- [Recorded data]
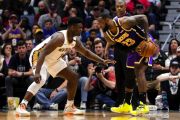 Pebasket New Orleans Pelicans Zion Williamson (tengah) dihadang oleh pebasket Los Angeles Lakers Kyle Kuzma (kiri) dan LeBron James (kanan) dalam pertandingan NBA, di Smoothie King Center, New Orleans, Louisiana, AS, Minggu (1/3/2020). Lakers berhasil mengalahkan tuan rumah New Orleans Pelicans 122 - 114. ANTARA FOTO/Reuters-Derick E. Hingle-USA TODAY Sports/hp
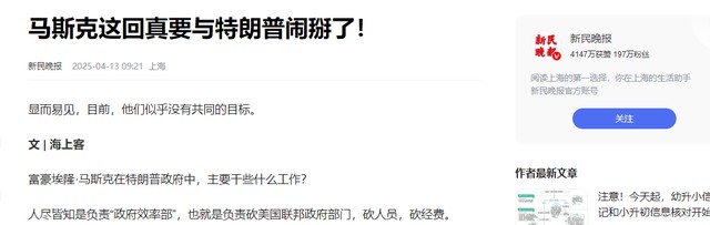 2.马斯克这回真要与特朗普闹掰了!——新民晚报2025-04-13 09:21上海
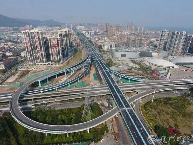 2017年,全线贯通后的同集路,成为同安与厦门岛联系的交通大动脉。(本报记者 王火炎 航拍器摄)

- [Required work]
What you return must match the material above exactly, apart from its pictures.

- [Expected output]
 Pebasket New Orleans Pelicans Zion Williamson (tengah) dihadang oleh pebasket Los Angeles Lakers Kyle Kuzma (kiri) dan LeBron James (kanan) dalam pertandingan NBA, di Smoothie King Center, New Orleans, Louisiana, AS, Minggu (1/3/2020). Lakers berhasil mengalahkan tuan rumah New Orleans Pelicans 122 - 114. ANTARA FOTO/Reuters-Derick E. Hingle-USA TODAY Sports/hp
 2.马斯克这回真要与特朗普闹掰了!——新民晚报2025-04-13 09:21上海
 2017年,全线贯通后的同集路,成为同安与厦门岛联系的交通大动脉。(本报记者 王火炎 航拍器摄)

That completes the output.